We introduced ourselves and he looked at the cooler. “Is that your friend?”
“Both of them. Maybe all three of them. Actually, that’s why we’re here; we don’t know how many are involved.”
“Beverly tells me you want all your information in twenty minutes or so, is that right?”
Murphy’s face brightened. “Is that all it takes?”
Kees laughed. “Not a chance. Assuming I was sitting around here dying for something to do, it might take me sixty to seventy-two hours, if I was lucky. The way things are, I could get to you in three weeks to a month.”
“A month?” Murphy burst out.
“How much did Dr. Hillstrom tell you about this?”
“She said it had something to do with reopening a case—that you might have put the wrong guy in the slammer.”
“This is going to sound a little corny, but we think an innocent man died because of what’s in this cooler.”
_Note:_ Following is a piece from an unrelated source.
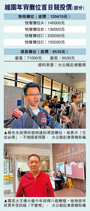 上圖:蘇先生投得四個相連的濕貨攤位,他表示「志在必得」,不惜提高預算。下圖:蘭花大王楊小龍今年投得八個攤檔,他相信市民買年花的錢「不會慳」。\大公報記者易曉彤攝
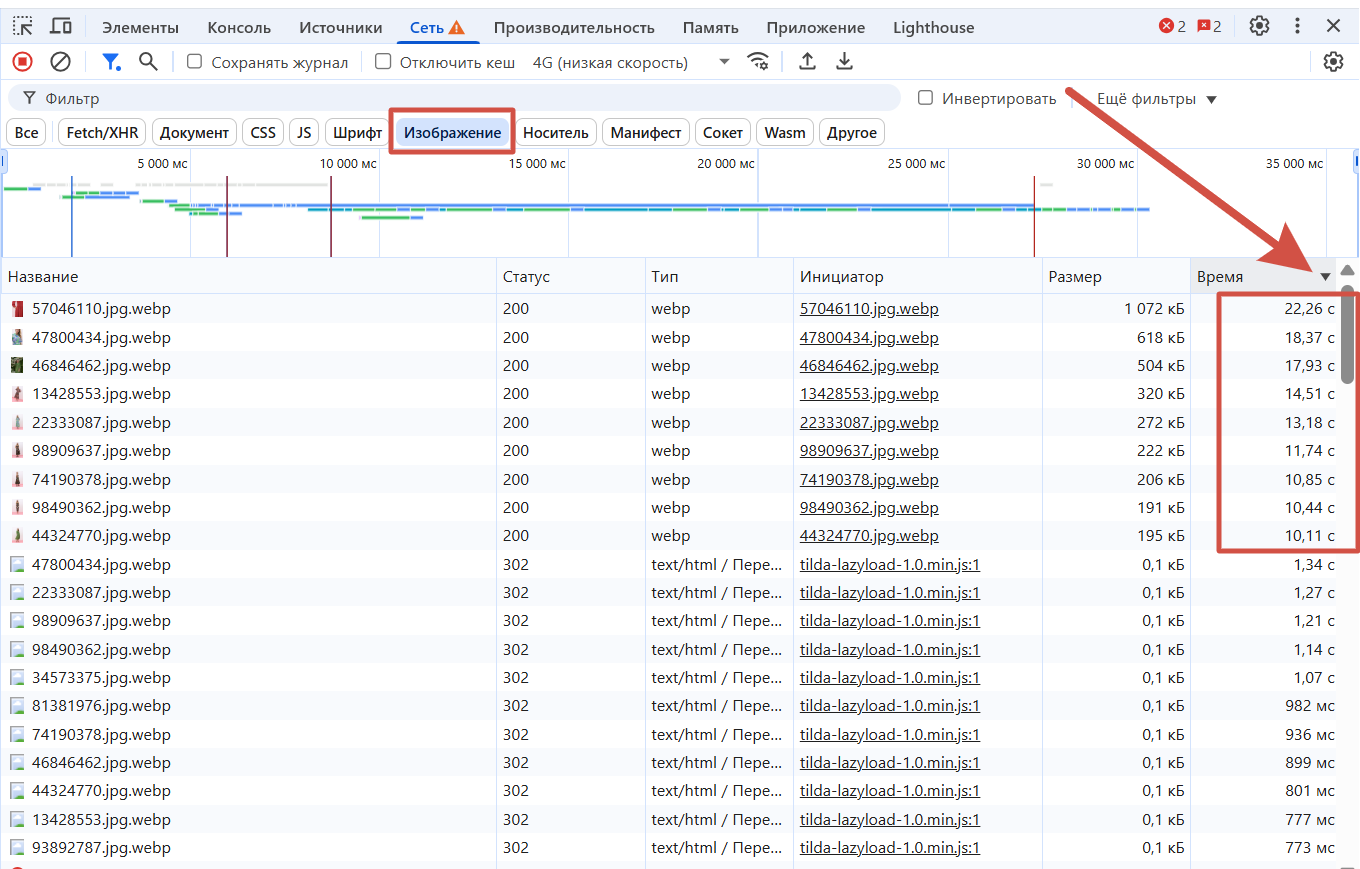 - Смотрим время загрузки каждого изображения.

Kees pursed his lips and motioned us into the hallway. “Jeannie, let me know what you get from these as soon as you’re finished, okay? And hold off on the Spiegelmann stuff until I tell you.”
“Okay.”
He led us down the corridor and through a maze of overstuffed offices bulging with furniture and strange machinery. “In case you didn’t notice, we haven’t quite moved in. The university, in its wisdom, contracted for the destruction of our old quarters before the new ones were built. Then the workers went on strike.”
“What about the students?”
“You mean the lack of them? They went out on strike too—in sympathy with the workers and just in time to extend their Christmas leave. Protest isn’t what it used to be.”
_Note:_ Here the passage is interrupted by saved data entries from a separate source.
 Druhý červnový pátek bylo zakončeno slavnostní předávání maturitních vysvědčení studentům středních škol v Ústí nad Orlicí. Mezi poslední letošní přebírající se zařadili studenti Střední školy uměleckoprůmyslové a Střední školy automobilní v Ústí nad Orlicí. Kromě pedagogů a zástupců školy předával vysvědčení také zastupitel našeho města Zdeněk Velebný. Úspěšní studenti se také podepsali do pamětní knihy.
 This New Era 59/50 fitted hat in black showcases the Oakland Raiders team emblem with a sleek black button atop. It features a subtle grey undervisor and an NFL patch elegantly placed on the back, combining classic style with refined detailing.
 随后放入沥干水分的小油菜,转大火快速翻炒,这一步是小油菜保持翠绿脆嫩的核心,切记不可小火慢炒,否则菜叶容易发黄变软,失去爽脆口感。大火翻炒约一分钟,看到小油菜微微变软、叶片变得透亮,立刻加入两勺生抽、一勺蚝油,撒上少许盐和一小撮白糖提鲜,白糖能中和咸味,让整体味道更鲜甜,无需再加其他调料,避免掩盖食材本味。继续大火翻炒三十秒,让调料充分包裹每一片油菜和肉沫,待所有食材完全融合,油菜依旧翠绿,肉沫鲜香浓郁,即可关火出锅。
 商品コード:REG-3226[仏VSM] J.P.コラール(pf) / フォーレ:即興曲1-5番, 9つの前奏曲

We ended up in a pretty nice office, complete with rug on the floor and pictures on the walls. Half of it was piled high with junk too, but the other half looked neater and more pleasant than anything we had back home. Kees sat behind an old and unpretentious turn-of-the-century desk and locked his fingers behind his head. To his right, on a separate table, two glowing computers hummed softly to themselves.
“So, tell me your tale.”
The stereotype of the self-proclaimed “busy” man is a guy who spends half his time telling you he’s got none to spare. With one assistant and the rest out on strike,
combined with what Beverly Hillstrom had told me about his popularity, Robert Kees struck me as having his life under control. He let us bumble through our story without one glance at his watch or a single sigh of impatience. When we finished, he got up, plucked the cooler from my lap, said, “Okay,” and left the room.
Frank raised his eyebrows. “What did that mean?”
“I guess he’s either doing it right now, or he just threw it out the window.”
“Were we supposed to follow him?”
“Not unless you know how to work any of that stuff.” We sat there for over an hour, staring out the window, staring at the floor, staring at each other, until he finally returned. “That’s quite the collection.”
“How do you mean?” He parked himself with his hands behind his head again. “It’s filled with goodies. A standard batch of samples, even from Beverly, has a few slides, a few swabs, maybe some tissue, and that’s about it. She threw in everything but the kitchen sink—she must have had some serious reservations when she did the autopsy.”
“That’s what she told me.”
“Then why the hell didn’t she tell us at the time?” Murphy muttered. “It sure would have saved us a lot of wear and tear, not to mention an extra body in the morgue.”
Kees smiled. “Ah, but that’s not the game, is it? You demand, we supply. Nobody wants to ask us about our doubts—that’s for the defense. If we find something odd, the prosecution doesn’t want to know about it, not unless we can guarantee where it’ll lead them. Besides, according to the paperwork she enclosed, you’ve got the right man in jail.”
Frank passed his hand across his mouth. “Then what are we doing here?”
“I can dig deeper than she can. I think that’s why she kept as much as she did—just in case. I don’t know if you’re aware of it, but you’ve got yourself a very good medical examiner up there.”